The mental consequences of our online info-crunching are not universally bad. Certain cognitive skills are strengthened by our use of computers and the Net. These tend to involve more primitive mental functions, such as hand-eye coordination, reflex response, and the processing of visual cues. One much-cited study of videogaming, published in Nature in 2003, revealed that after just 10 days of playing action games on computers, a group of young people had significantly boosted the speed with which they could shift their visual focus between various images and tasks.

It’s likely that Web browsing also strengthens brain functions related to fast-paced problem-solving, particularly when it requires spotting patterns in a welter of data. A British study of the way women search for medical information online indicated that an experienced Internet user can, at least in some cases, assess the trustworthiness and probable value of a Web page in a matter of seconds. The more we practice surfing and scanning, the more adept our brain becomes at those tasks. (Other academics, like Clay Shirky, maintain that the Web provides us with a valuable outlet for a growing “cognitive surplus”; see Cognitive Surplus: The Great Spare-Time Revolution

But it would be a serious mistake to look narrowly at such benefits and conclude that the Web is making us smarter.
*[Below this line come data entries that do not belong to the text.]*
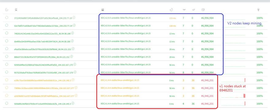 I upgraded 8 nodes to v2, including 6 Masternodes. And keeps 4 Masternodes in v1 version (v1.4.4).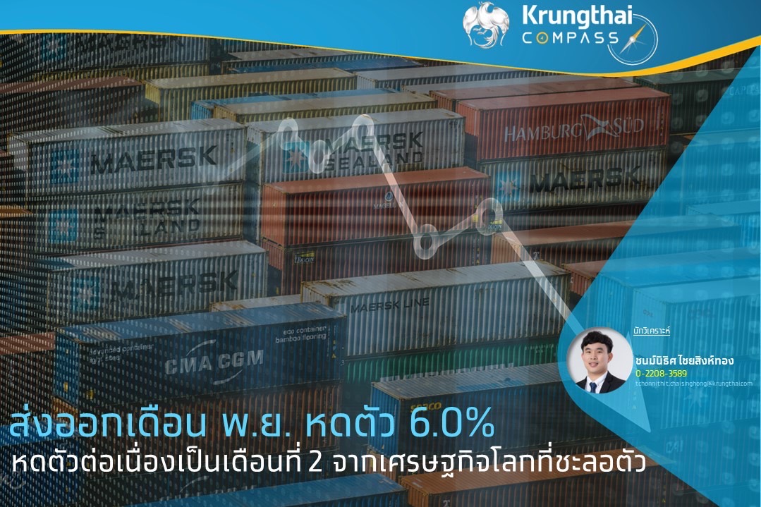 กรุงเทพฯ 28 ธ.ค.-Krungthai COMPASS วิเคราะห์ “ส่งออกเดือน พ.ย. หดตัว 6.0% หดตัวต่อเนื่องเป็นเดือนที่ 2 จากเศรษฐกิจโลกที่ชะลอตัว ”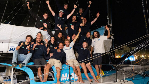 Ambrogio Beccaria’s team Allagrande Mapei Racing made a triumphant finish to The Ocean Race Europe Leg 4 as they arrived in Genoa, Italy early Wednesday morning.

In a Science article published in early 2009, prominent developmental psychologist Patricia Greenfield reviewed more than 40 studies of the effects of various types of media on intelligence and learning ability. She concluded that “every medium develops some cognitive skills at the expense of others.” Our growing use of the Net and other screen-based technologies, she wrote, has led to the “widespread and sophisticated development of visual-spatial skills.” But those gains go hand in hand with a weakening of our capacity for the kind of “deep processing” that underpins “mindful knowledge acquisition, inductive analysis, critical thinking, imagination, and reflection.”

We know that the human brain is highly plastic; neurons and synapses change as circumstances change. When we adapt to a new cultural phenomenon, including the use of a new medium, we end up with a different brain, says Michael Merzenich, a pioneer of the field of neuroplasticity. That means our online habits continue to reverberate in the workings of our brain cells even when we’re not at a computer. We’re exercising the neural circuits devoted to skimming and multitasking while ignoring those used for reading and thinking deeply.
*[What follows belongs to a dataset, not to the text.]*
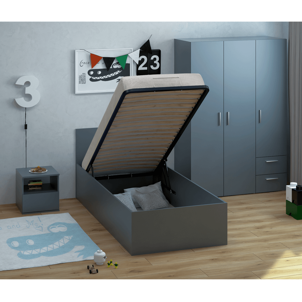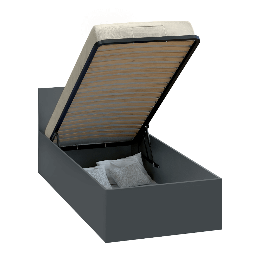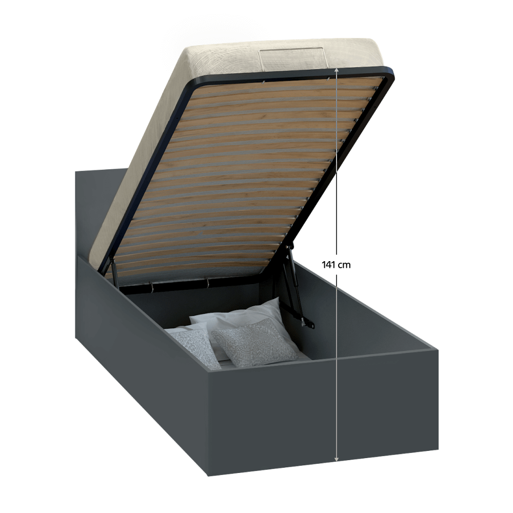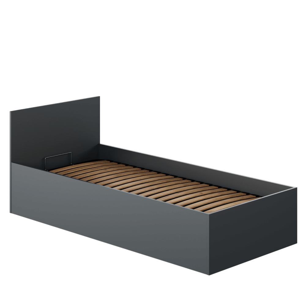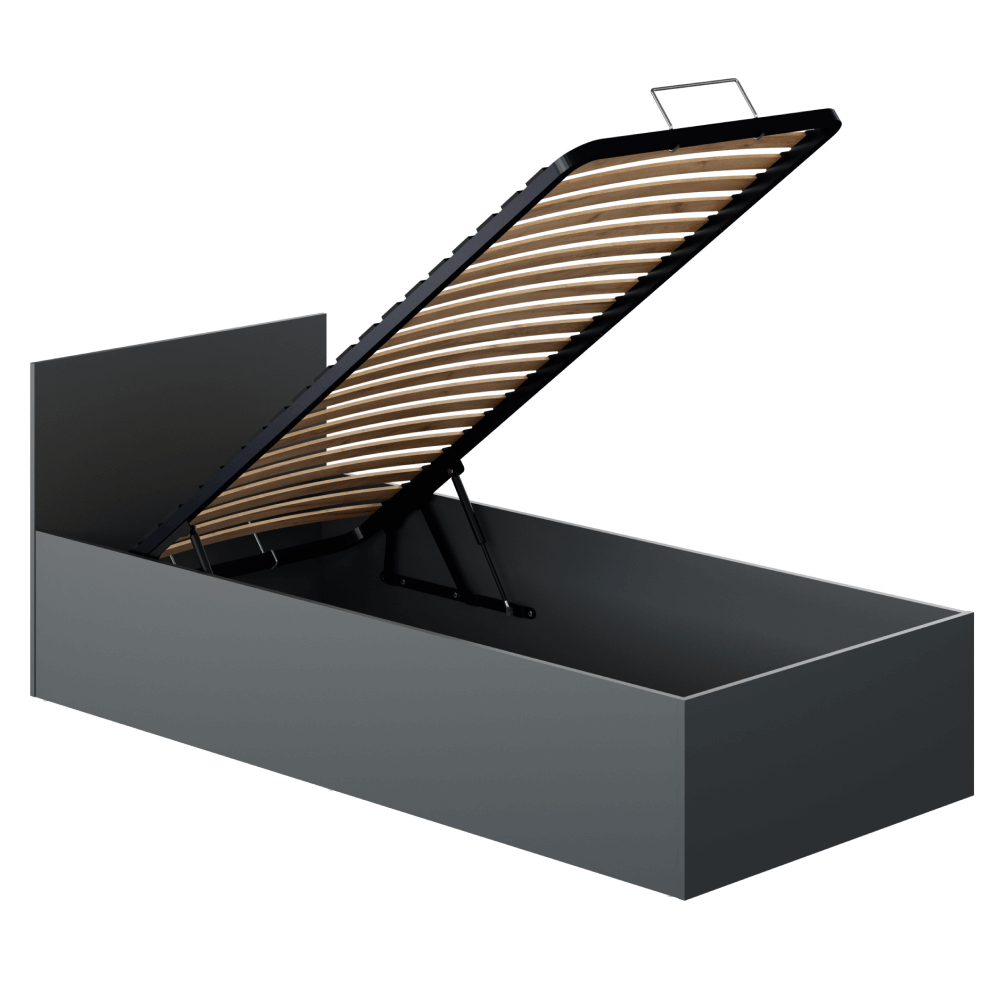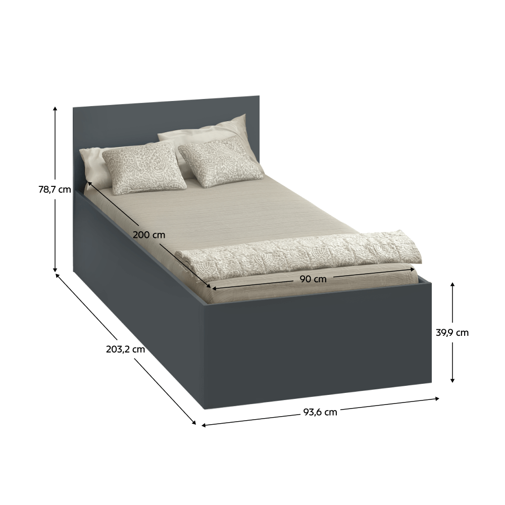 Pat cu grătar metalic şi spaţiu de depozitare, 90x200, grafit, DOLI

Last year, researchers at Stanford found signs that this shift may already be well under way. They gave a battery of cognitive tests to a group of heavy media multitaskers as well as a group of relatively light ones. They discovered that the heavy multitaskers were much more easily distracted, had significantly less control over their working memory, and were generally much less able to concentrate on a task. Intensive multitaskers are “suckers for irrelevancy,” says Clifford Nass, one professor who did the research. “Everything distracts them.” Merzenich offers an even bleaker assessment: As we multitask online, we are “training our brains to pay attention to the crap.”
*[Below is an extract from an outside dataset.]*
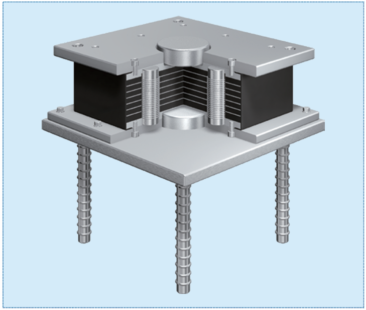 SPR Spring Conned Pb Rubber Bearings combine the benefits of lead-rubber damping and spring isolation. Used in seismic applications, they reduce stress on building foundations by absorbing shock and vibration, enhancing structure safety during earthquakes.

There’s nothing wrong with absorbing information quickly and in bits and pieces. We’ve always skimmed newspapers more than we’ve read them, and we routinely run our eyes over books and magazines to get the gist of a piece of writing and decide whether it warrants more thorough reading. The ability to scan and browse is as important as the ability to read deeply and think attentively. The problem is that skimming is becoming our dominant mode of thought. Once a means to an end, a way to identify information for further study, it’s becoming an end in itself—our preferred method of both learning and analysis. Dazzled by the Net’s treasures, we are blind to the damage we may be doing to our intellectual lives and even our culture.

What we’re experiencing is, in a metaphorical sense, a reversal of the early trajectory of civilization: We are evolving from cultivators of personal knowledge into hunters and gatherers in the electronic data forest. In the process, we seem fated to sacrifice much of what makes our minds so interesting.